Perkara yang lain adalah masalah perusahaan yang harus membutuhkan jasa
konsultan pajak lepas tiap bulannya atau memperkerjakan tenaga tetap khusus untuk
menghitung potongan pajak dari gaji karyawan. Sehingga apabila pajak tetap dikenakan
maka memerlukan alternatif yang meringankan bagi para pengusaha. Menurut saya
sebelum pemerintah benar- benar akan mengenakan pemungutan terhadap para
pengusaha online maka harus benar- benar memperhatikan negatif dan positif nya bagi
para pengusaha online. Dari segi negatifnya mungkin para pengusaha online akan merasa
dirugikan apabila tidak ada nilai apa- apanya apabila pajak dikenakan, bahkan justru akan
merasa rugi dengan dikenakannya pajak 10% dari penghasilannya. Namun mungkin akan
ada nilai positifnya apabila dengan pemungutan pajak tersebut akan melegalkan para
pengusaha online dan ada nilai tambahnya dengan pemungutan pajak tersebut misalnya
saja dengan menyediakan listing gratis (pengiklanan gratis), sebab para pengusaha online
buka badan khusus seperti CV dan PT yang omsetnya tinggi juga para karyawannya yang
banyak.
Online shop bahkan hanya dilakukan oleh satu orang dan bukan pekerjaan tetap
namun hanya pekerjaan sampingan. Jadi sebelum semuanya diterapkan maka pemerintah
harus memikirkan secara kompleks efek dari semua pengenaan pajak tersebut sebab
memang dari dulu sampai saat ini pun tidak ada pemngutan ataupun harus membayar dari
aplikasi yang digunakan. Bahkan menurut saya apabila memang dari pengusaha online harus
membayar, maka pengusaha online bukan bayar ke pemerintah namun harus bayar ke
aplikasinya. Namun balik lagi dengan aplikasi yang ada, bahwasanya aplikasi ada memang
bukan dengan ketentuan khusus kecuali memang harus dengan etika bersosial media.
Namun masalah untuk berbisnis ataupun hanya sekedar untuk menjalin komunikasi tidak
ada larangan, bahkan untuk memposting foto yang hanya untuk menyimpan sebagai
kenangan ataupun berbagi dengan teman dan juga untuk berjualan pun tidak ada larangan
dan tidak ada ketentuan khusus yang berlaku.

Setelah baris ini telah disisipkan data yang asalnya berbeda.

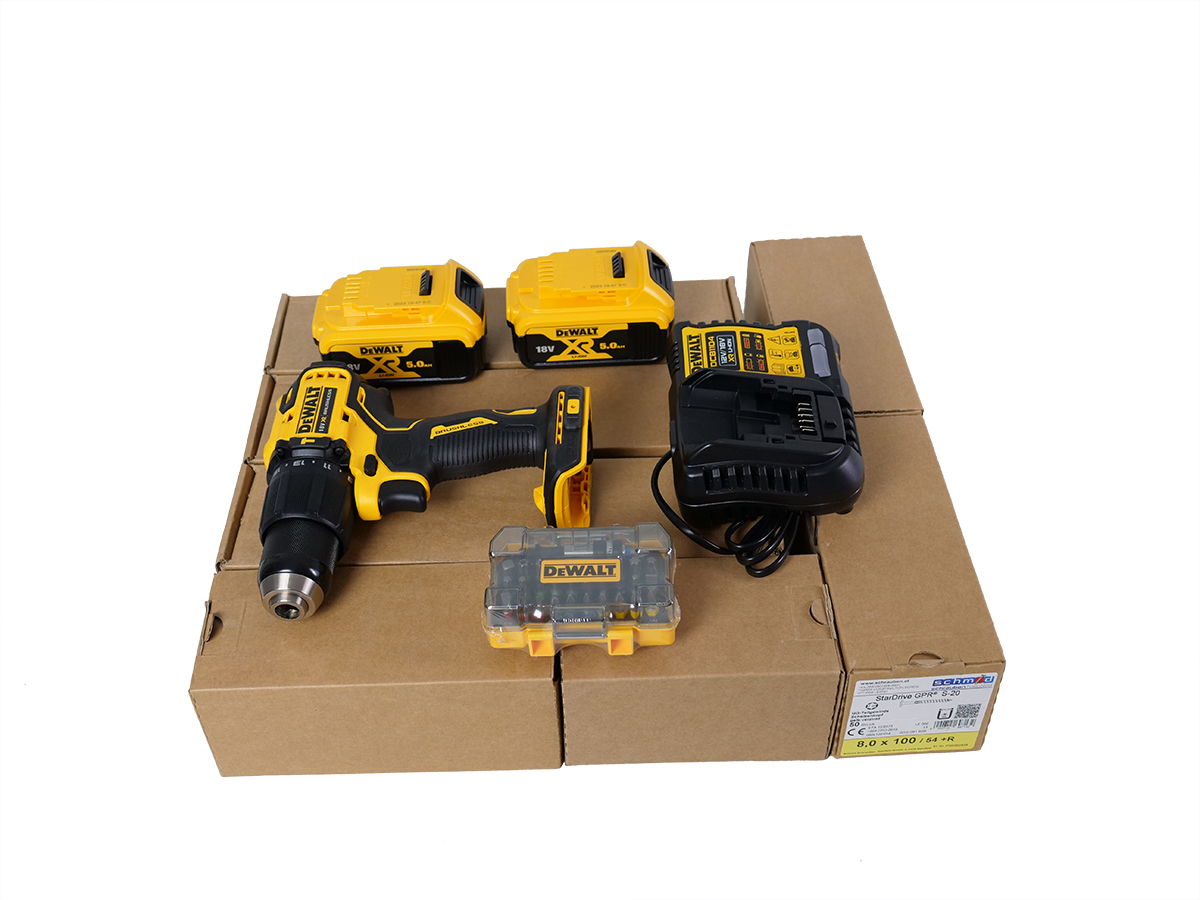 - DEWALT AKKU-Schlagbohrschrauber DCD709 18V/5 AH inkl. 2 Akkus und 1 Ladegerät

Sudut pandang saya juga merujuk kepada maksud dan tujuan pemerintah dengan
pemungutan pajak tersebut, jika hal-hal yang baru merintis dan mulai ada dan berkembang
di negara kita harus dikenai pajak maka tidak dipungkiri bahwa hal tersebut akan membuat
down para awak pemula pengusaha. Sebab dengan adanya media sosial mereka merasa
termudahkan dengan mencari uang tambahan dan keinginannya untuk berbisnis namun
terhambat biaya maupun tempat. Jadi untuk pengenaan pajak e-commerce ini memang
patut dipikirkan matang-matang nominalnya namun terlepas dari itu semua sistem
pengenaan pajak usaha online ini memang simpang siur dan rumit.

Kembali lagi apabila saya disuruh memilih pro atau kontra maka saya tidak memilih
dua-duanya dan balik ke pihak netral. Karena saya pro apabila dengan pengenaan pajak
akan menguntungkan negara juga para pengusaha namun saya kontra apabila itu dipukul
rata. Karena pengenaan pajak harus ditinjiau dari aset juga omsetnya. Sebab ada pengusaha
online yang tidak aktif bermedia sosial sehingga tidak ada atau sedikit omset perbulannya,
namun juga ada pengusaha online yang beromset ratusan juta per bulan.